Open-Vocabulary Landmark Detection

Based on OpenGraph. Our setup requires the following weights:

cd /workspaces/curb-osg-deploy-test/src/curb_projection/saved_models
# Tag2Text
wget https://huggingface.co/spaces/xinyu1205/Tag2Text/resolve/main/tag2text_swin_14m.pth
# Grounding DINO
wget https://github.com/IDEA-Research/GroundingDINO/releases/download/v0.1.0-alpha/groundingdino_swint_ogc.pth
# Tokenize Anything via Prompting
wget https://huggingface.co/BAAI/tokenize-anything/resolve/main/models/tap_vit_l_v1_1.pkl

Precomputing MASA

Since we found MASA inference too slow for our real-time use case, we decided to simulate faster inference by precomputing and playing back the track data. Use the following script to do so, or disable dynamic object tracking in the curb_launchers/launch/curb_osg.launch file.

roslaunch curb_projection offline_masa_processor.launch dataset_root:=PATH_TO_DATASET camera_name:=stereo/left  # or {mono_left,mono_right,mono_rear}

Note: this takes several hours, depending on your hardware.

🚀 Run

After downloading the dataset and models, you can execute the scene graph mapping for three agents with default parameters by running:

roslaunch curb_launchers curb_osg.launch 

The first run will download some more models for the perception of landmarks. Subsequent runs will use the cached weights.

To visualize the scene graph, we prepared an Rviz config:

rviz -d /workspaces/curb-osg-deploy-test/src/curb_launchers/config/curb_osg.rviz

If running in a remote development container, you may not be able to open rviz from the command line. In this case, we recommend setting up a virtual desktop inside the dev container by following this manual.

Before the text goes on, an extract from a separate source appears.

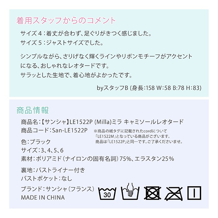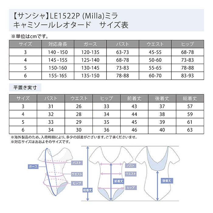 【サンシャ】LE1522P (Milla)ミラ キャミソール バレエレオタード 大人・ジュニア |

You can then connect to the virtual desktop via VNC and launch rviz from a terminal there.

Automatic Evaluation

To execute multiple evaluation runs automatically, we prepared an automatic evaluation script. By default, the results and logs will be written to ./metrics/

🚗🚙🛻 ROS Player to Simulate Multiple Radar RobotCar Agents

We separately release our developed tool for multi-agent urban mapping based on the Oxford Radar RobotCar Dataset. Please find the code at this link: https://github.com/TimSteinke/multi_robotcar

👩‍⚖️ License

For academic usage, the code is released under the GPLv3 license. For any commercial purpose, please contact the authors.

🙏 Acknowledgment

We thank Kenji Koide for open-sourcing the ROS package hdl_graph_slam that we use as base for our multi-agent LiDAR SLAM framework.

This work was funded by the German Research Foundation (DFG) Emmy Noether Program grant number 468878300.